I'm just re-read @WHO's recent report. As motivation, they state up front: ".....during the coronavirus disease (COVID-19) pandemic, the terms ‘airborne’, ‘airborne transmission’ and ‘aerosol transmission’ were used in different ways by stakeholders in different" (1/4)
"scientific disciplines, which may have contributed to misleading information and confusion about how pathogens are transmitted in human populations."
My question which has not been addressed: (2/4)
Why did it take @WHO and ~100 experts 33 pages to conclude that SARS-CoV-2 and other respiratory pathogens are airborne (replaced by they "travel through the air")?

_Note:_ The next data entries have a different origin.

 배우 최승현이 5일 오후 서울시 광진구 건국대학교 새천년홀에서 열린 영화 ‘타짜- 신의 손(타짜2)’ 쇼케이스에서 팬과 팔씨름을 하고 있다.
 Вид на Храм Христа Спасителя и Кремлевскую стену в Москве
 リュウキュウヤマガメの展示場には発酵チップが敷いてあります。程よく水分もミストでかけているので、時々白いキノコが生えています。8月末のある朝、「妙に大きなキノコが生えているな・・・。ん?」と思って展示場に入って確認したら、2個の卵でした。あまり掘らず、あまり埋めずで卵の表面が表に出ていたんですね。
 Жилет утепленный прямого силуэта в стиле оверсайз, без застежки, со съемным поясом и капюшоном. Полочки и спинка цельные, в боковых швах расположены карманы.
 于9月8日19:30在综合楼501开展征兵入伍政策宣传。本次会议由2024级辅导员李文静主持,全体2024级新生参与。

This could have been clarified & stated in 1 page max. More words lead to more confusion, not less. (3/4)?
They bury "airborne" (analogy: waterborne & foodborne). It appears that @WHO has worked really hard to avoid any acknowledgement of their central role in spreading misinfo regarding SARS-2 airborne transmission. I'm concerned as this does not bode well for future pandemics. (4/4)

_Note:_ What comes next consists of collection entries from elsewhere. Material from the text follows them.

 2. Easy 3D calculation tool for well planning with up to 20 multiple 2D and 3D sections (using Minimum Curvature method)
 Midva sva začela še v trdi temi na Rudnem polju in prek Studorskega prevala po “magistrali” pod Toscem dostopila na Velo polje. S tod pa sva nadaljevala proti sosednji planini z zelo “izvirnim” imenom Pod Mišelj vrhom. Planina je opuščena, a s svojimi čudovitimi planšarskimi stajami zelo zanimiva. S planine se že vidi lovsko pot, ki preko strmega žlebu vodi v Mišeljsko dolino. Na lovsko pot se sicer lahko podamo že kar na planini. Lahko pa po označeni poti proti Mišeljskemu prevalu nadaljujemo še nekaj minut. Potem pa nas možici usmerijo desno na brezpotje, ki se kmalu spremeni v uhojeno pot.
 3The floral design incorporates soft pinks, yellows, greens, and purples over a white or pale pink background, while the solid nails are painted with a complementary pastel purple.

What is even more crazy is they worked super hard to separate spray/droplets impacting directly from spreading "in the air" and inhalation--but they could not agree on the best method for protecting people from inhalation. Really? Masks? Filtration? (5/)
.@WHO saying infections can come from pathogens which "travel in air being inhaled" but they don't know how to protect people is equivalent to saying: We figured out there are pathogens in food & water but we don't know how to remove them before someone drinks or eats them!!(6/)
And why did @WHO not believe a major @theNASEM workshop in August 2020 was sufficient where all experts across the same disciplines agreed this virus (and likely others like influenza) is airborne?
And why ignore a peer reviewed Letter to Science in October 2020 entitled "Airborne transmission of SARS-CoV-2" which clearly describes the difs in exposure pathways for inhalation of aerosols that float like smoke vs droplets which rapidly drop?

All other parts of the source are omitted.